Maar vanochtend, toen ik wakker was en opgestaan, zag ik wat er die nacht gebeurd was terwijl ik lag te dromen. Inderdaad was een van mijn maanvissen uit het aquarium gesprongen, door een kier in de afdekkap. Hij had niet rondgevlogen en ook had niemand hem gevangen en terug gebracht. Hij lag uitgedroogd dood op de grond. Hij zag eruit als een rafelig stukje rubber.

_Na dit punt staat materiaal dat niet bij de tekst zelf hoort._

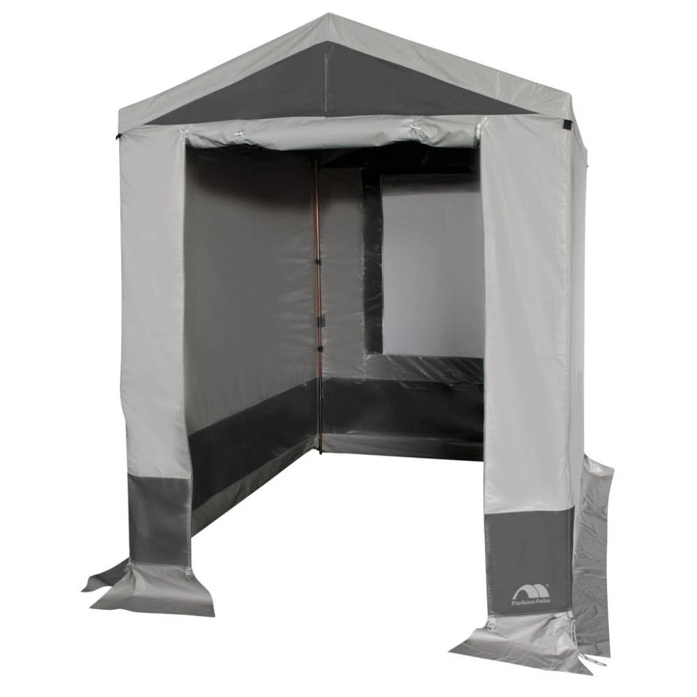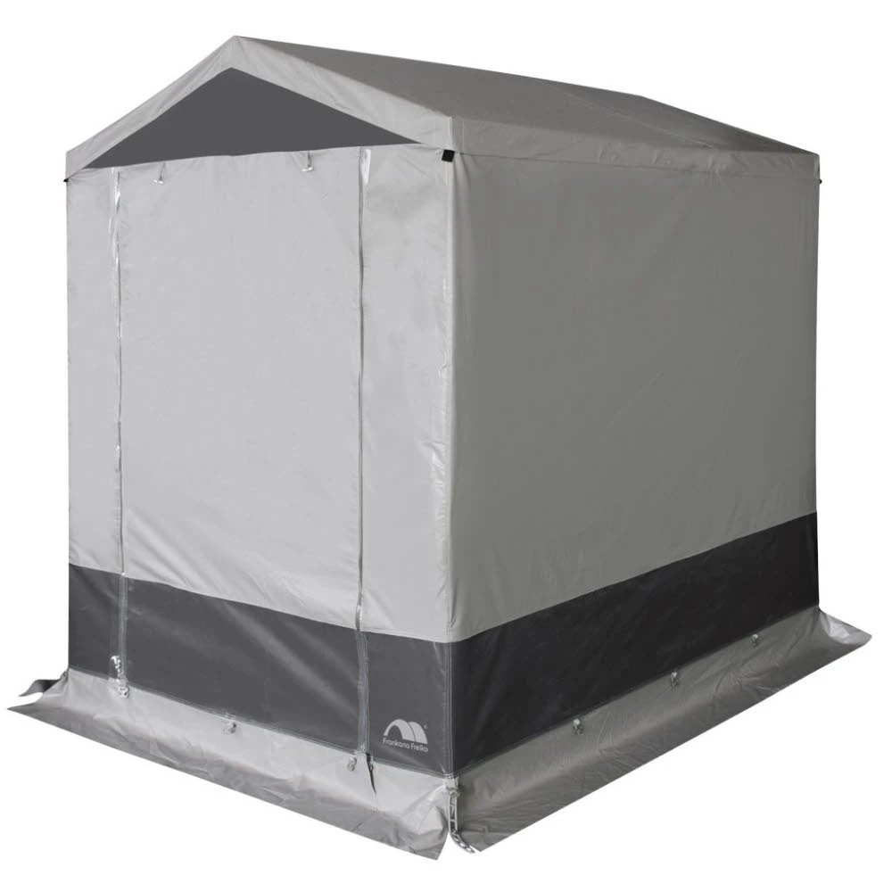Praktisches Gerätezelt für die verschiedensten Einsatzmöglichkeiten. Das Gerätezelt Equibo bietet viel Staufläche und ist kinderleicht aufzubauen. Der Eingang in der Vorderwand ist nach oben rollbar. Auf der Rückseite befindet sich ein großes Belüftungsfenster.
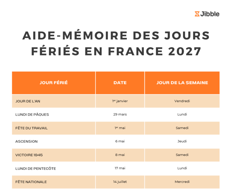Aide-mémoire des jours fériés en France 2027

Waar zou hij nu zijn. Of zijn bewustzijn, in zoverre vissen een bewustzijn hebben. Waar was dat nu, nu hij zo onbezonnen uit zijn eigen verhaal gestapt was?
Misschien was hij wel Weg. Want van zijn schitterende vissenlijf bleef niets anders over dan een rafelig stukje rubber. Dat zou wegrotten op den duur.
Toch kan ik mijn snorkel ervaring in de Caribische zee niet vergeten. Niemand kon mij zien daar onder water. Voor de wereld was ik weg. Voor de wereld was er niets meer van mij over dan een hoopje kleren op het strand. Maar voor mezelf was ik een allesomvattende, kaderloze plaats. En iedereen in die kaderloze plaats, was vrij. En echter.